- _TASK DIRECTIONS_
The listing below must be returned in full and unchanged, without the images it carries.

- _AVAILABLE RECORDS_
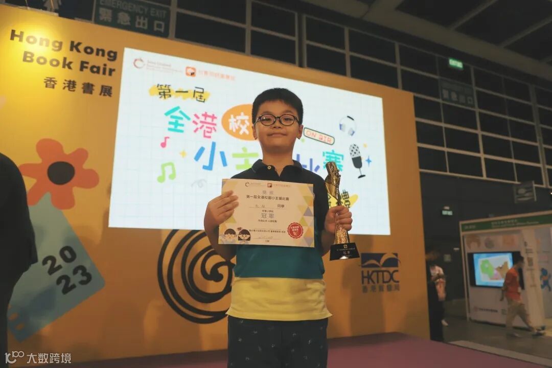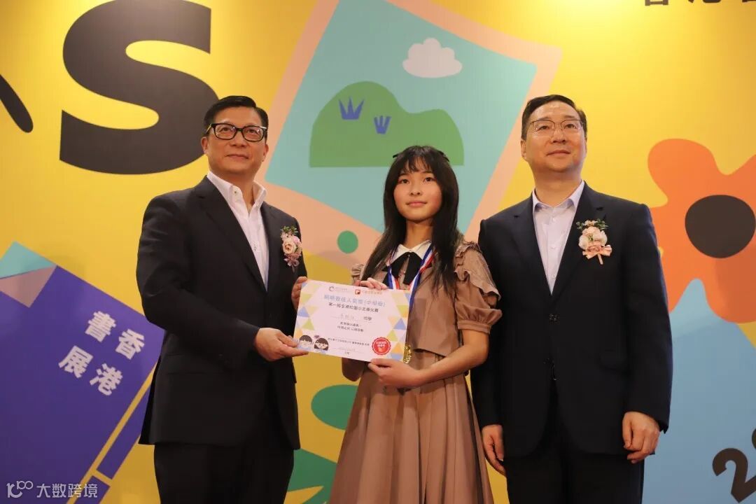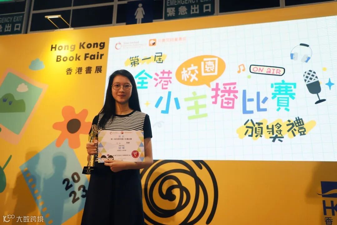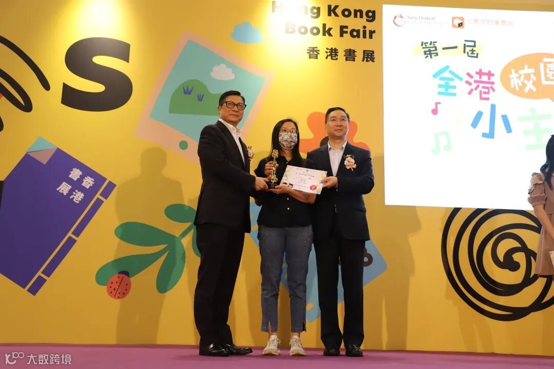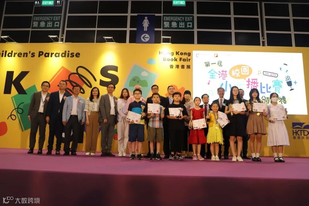 分享會活動結束後,與會領導和嘉賓為在「第一屆全港校園小主播比賽」決賽中獲得名次的優秀學員頒獎。該賽事由「知書閱聽圖書館」主辦,6月中旬啟動,通過學校網絡、社媒平台等途徑公布比賽計劃,有300餘人報名參與此次比賽。經過初賽、複賽、網絡票選等環節的激烈角逐,於7月20日在香港書展現場小舞台舉行了總決賽,誕生了首屆比賽的冠、亞、季軍,並順利簽約成為「知書小主播」。
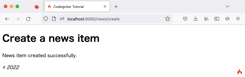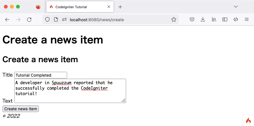 Now point your browser to your local development environment where you installed CodeIgniter and add /news/create to the URL. Add some news and check out the different pages you made.
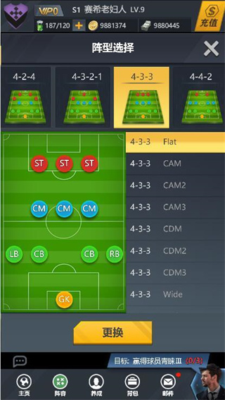 另外,玩家可以根据自己现有的球员进行阵容的调整,比如自己实力强的前锋较多时,可以选择4-4-2或者4-3-3阵容,发挥出自己球队最大的实力。
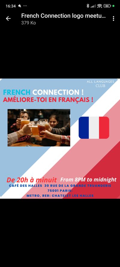 C'est un moment dédié à la langue et la culture française : apprendre en s'amusant , se faire des amis , manger bref passer un bIt is moment dedicated to the practise and also to learn about french culture : learning with fun , make friends so spend a good time !
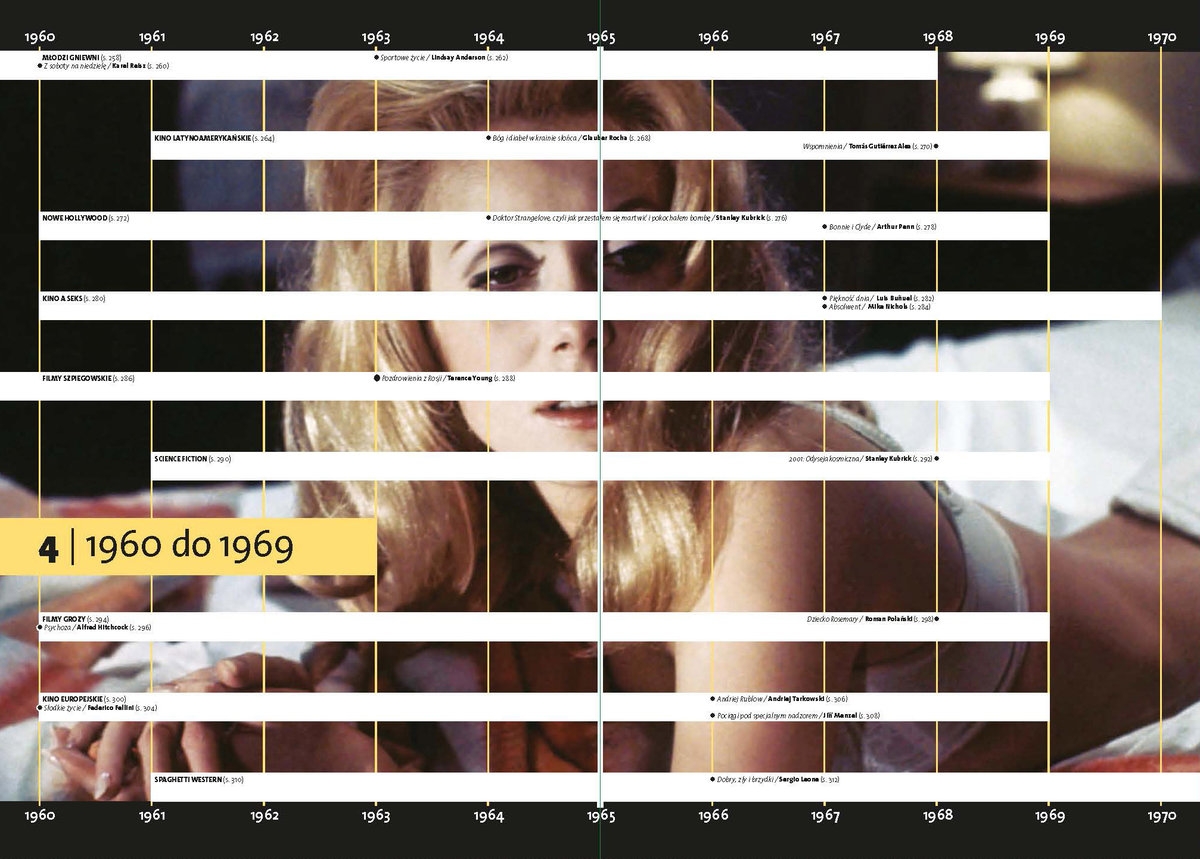 Niezbędna książka dla wszystkich, którzy kochają oglądać filmy i o nich czytać, a także dla tych, którzy chcą lepiej zrozumieć świat kina. Kluczowe dzieła są umieszczone w kontekście gatunku filmowego oraz na tle najważniejszych wydarzeń społecznych i kulturalnych. Kalendaria akcentują najważniejsze inspiracje i wydarzenia. Czytelnik wkracza w świat produkcji filmowej – pełen blasku, triumfów, dramatów i rozczarowań, a także poznaje realia życia gwiazd filmowych z całego świata.
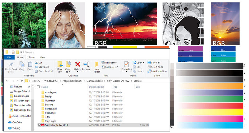 As a good all-purpose test print, we recommend the SAI Color Tester sample print (Fig 1) that comes pre-loaded with each LXI RIP 22Â or FlexiPRINT and Flexi Sign & PRINT license. Itâs good for color calibration but itâs also a good sample to use when you want to exercise your printerâs ink delivery system. The standard nozzle check uses too little ink and is valuable only for ensuring that all the nozzles are clear. For stimulating ink flow, the SAI Color Tester is a good choice because it pulls ink from all channels. There is a color palette test pattern in most PrismJET or MUTOH printers that many people use for this purpose but itâs not ideal because it uses mostly CMY, with the black ink used only for reference text. You can find it on your hard drive in the Sign Warehouse/Vinyl Express LXI/Samples or SAI/SAI Production Suite/Samples folder on your hard drive, or click here to download and save it.
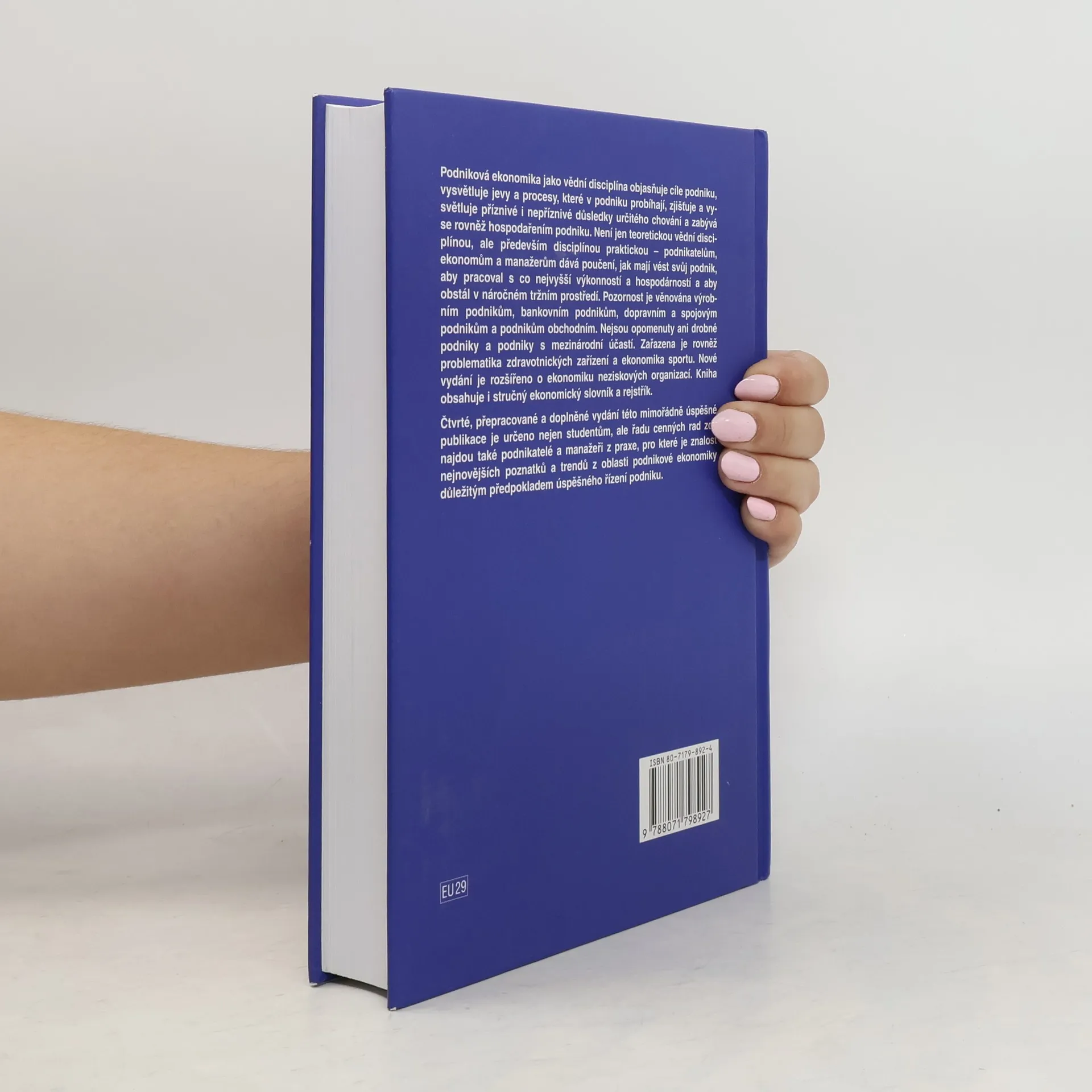 Podniková ekonomika jako vědní disciplína objasňuje cíle podniku, vysvětluje jevy a procesy, které v podniku probíhají, zjišťuje a vysvětluje příznivé i nepříznivé důsledky určitého chování a zabývá se rovněž hospodařením podniku. -není jen teoretickou vědní disciplínou, ale především disciplínou praktickou - podnikatelům, ekonomům a manažerům dává ponaučení, jak mají vést svůj podnik, aby pracoval s co nejvyšší výkonností a hospodárností a aby obstál v náročnějším tržním prostředí. Pozornost je věnována výrobním podnikům, bankovním podnikům, dopravním a spojovým podnikům a podnikům obchodním. Nejsou opomenuty ani drobné podniky a podniky s mezinárodní účastí. Zařazena je rovněž problematika zdravotnických zařízení a ekonomika sportu. Nové vydání je rozšířeno o ekonomiku neziskových organizací. Kniha obsahuje i stručný ekonomický slovník a rejstřík.
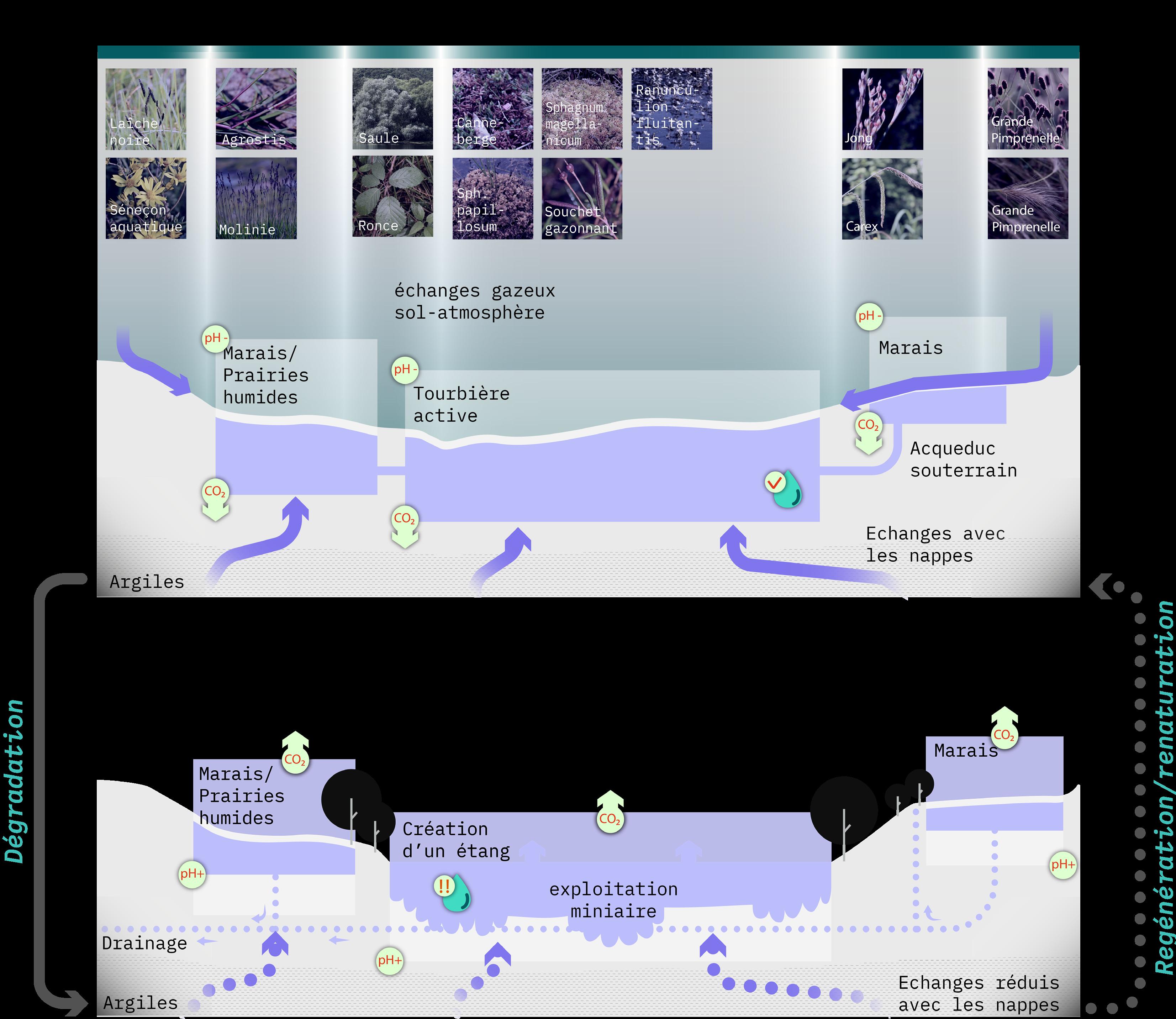 La tourbière de Sèves de son état innitial à sa dégradation presque irréversible.
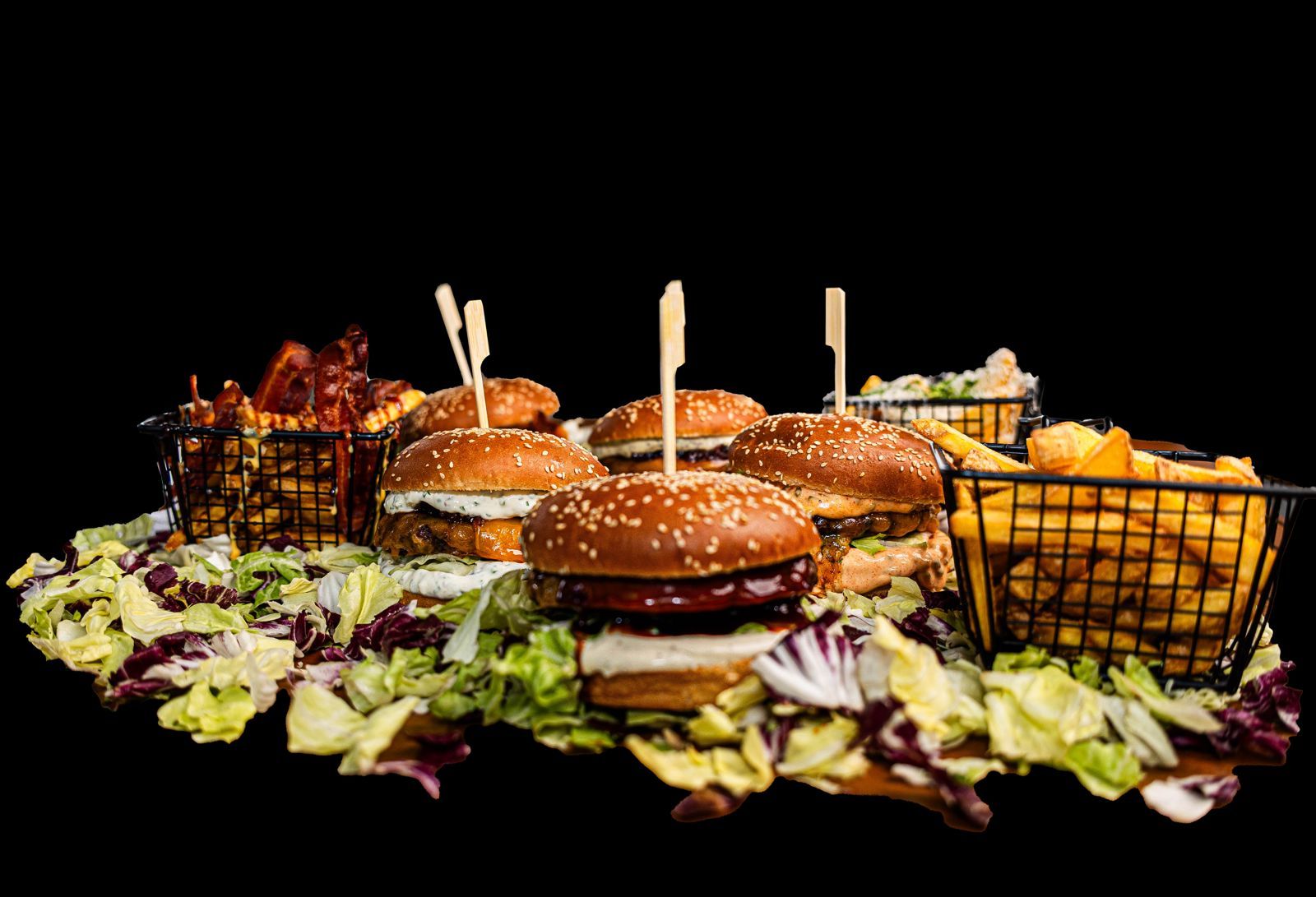 Carne de vita black angus x3, cheddar maturat, mix de salata, sos bbq wiskey, bacon la grata 700g
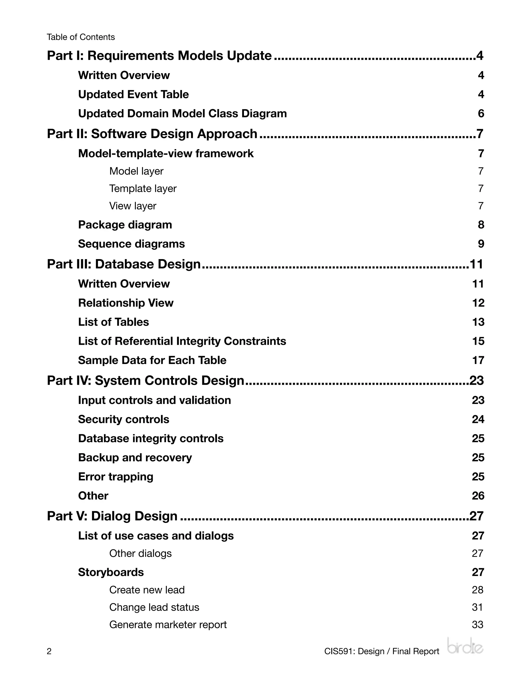 The document provides an overview and updates to the system requirements models for a web application called 'Birdie' that manages sales leads. It includes an updated event table removing one use case and making another singular. It also includes an updated domain model class diagram with some changes like additional report classes. The software design approach section describes the model-template-view framework used with Django including details on each layer. It includes package and sequence diagrams to illustrate the design.

- _OUTPUT BELOW_
 分享會活動結束後,與會領導和嘉賓為在「第一屆全港校園小主播比賽」決賽中獲得名次的優秀學員頒獎。該賽事由「知書閱聽圖書館」主辦,6月中旬啟動,通過學校網絡、社媒平台等途徑公布比賽計劃,有300餘人報名參與此次比賽。經過初賽、複賽、網絡票選等環節的激烈角逐,於7月20日在香港書展現場小舞台舉行了總決賽,誕生了首屆比賽的冠、亞、季軍,並順利簽約成為「知書小主播」。
 Now point your browser to your local development environment where you installed CodeIgniter and add /news/create to the URL. Add some news and check out the different pages you made.
 另外,玩家可以根据自己现有的球员进行阵容的调整,比如自己实力强的前锋较多时,可以选择4-4-2或者4-3-3阵容,发挥出自己球队最大的实力。
 C'est un moment dédié à la langue et la culture française : apprendre en s'amusant , se faire des amis , manger bref passer un bIt is moment dedicated to the practise and also to learn about french culture : learning with fun , make friends so spend a good time !
 Niezbędna książka dla wszystkich, którzy kochają oglądać filmy i o nich czytać, a także dla tych, którzy chcą lepiej zrozumieć świat kina. Kluczowe dzieła są umieszczone w kontekście gatunku filmowego oraz na tle najważniejszych wydarzeń społecznych i kulturalnych. Kalendaria akcentują najważniejsze inspiracje i wydarzenia. Czytelnik wkracza w świat produkcji filmowej – pełen blasku, triumfów, dramatów i rozczarowań, a także poznaje realia życia gwiazd filmowych z całego świata.
 As a good all-purpose test print, we recommend the SAI Color Tester sample print (Fig 1) that comes pre-loaded with each LXI RIP 22Â or FlexiPRINT and Flexi Sign & PRINT license. Itâs good for color calibration but itâs also a good sample to use when you want to exercise your printerâs ink delivery system. The standard nozzle check uses too little ink and is valuable only for ensuring that all the nozzles are clear. For stimulating ink flow, the SAI Color Tester is a good choice because it pulls ink from all channels. There is a color palette test pattern in most PrismJET or MUTOH printers that many people use for this purpose but itâs not ideal because it uses mostly CMY, with the black ink used only for reference text. You can find it on your hard drive in the Sign Warehouse/Vinyl Express LXI/Samples or SAI/SAI Production Suite/Samples folder on your hard drive, or click here to download and save it.
 Podniková ekonomika jako vědní disciplína objasňuje cíle podniku, vysvětluje jevy a procesy, které v podniku probíhají, zjišťuje a vysvětluje příznivé i nepříznivé důsledky určitého chování a zabývá se rovněž hospodařením podniku. -není jen teoretickou vědní disciplínou, ale především disciplínou praktickou - podnikatelům, ekonomům a manažerům dává ponaučení, jak mají vést svůj podnik, aby pracoval s co nejvyšší výkonností a hospodárností a aby obstál v náročnějším tržním prostředí. Pozornost je věnována výrobním podnikům, bankovním podnikům, dopravním a spojovým podnikům a podnikům obchodním. Nejsou opomenuty ani drobné podniky a podniky s mezinárodní účastí. Zařazena je rovněž problematika zdravotnických zařízení a ekonomika sportu. Nové vydání je rozšířeno o ekonomiku neziskových organizací. Kniha obsahuje i stručný ekonomický slovník a rejstřík.
 La tourbière de Sèves de son état innitial à sa dégradation presque irréversible.
 Carne de vita black angus x3, cheddar maturat, mix de salata, sos bbq wiskey, bacon la grata 700g
 The document provides an overview and updates to the system requirements models for a web application called 'Birdie' that manages sales leads. It includes an updated event table removing one use case and making another singular. It also includes an updated domain model class diagram with some changes like additional report classes. The software design approach section describes the model-template-view framework used with Django including details on each layer. It includes package and sequence diagrams to illustrate the design.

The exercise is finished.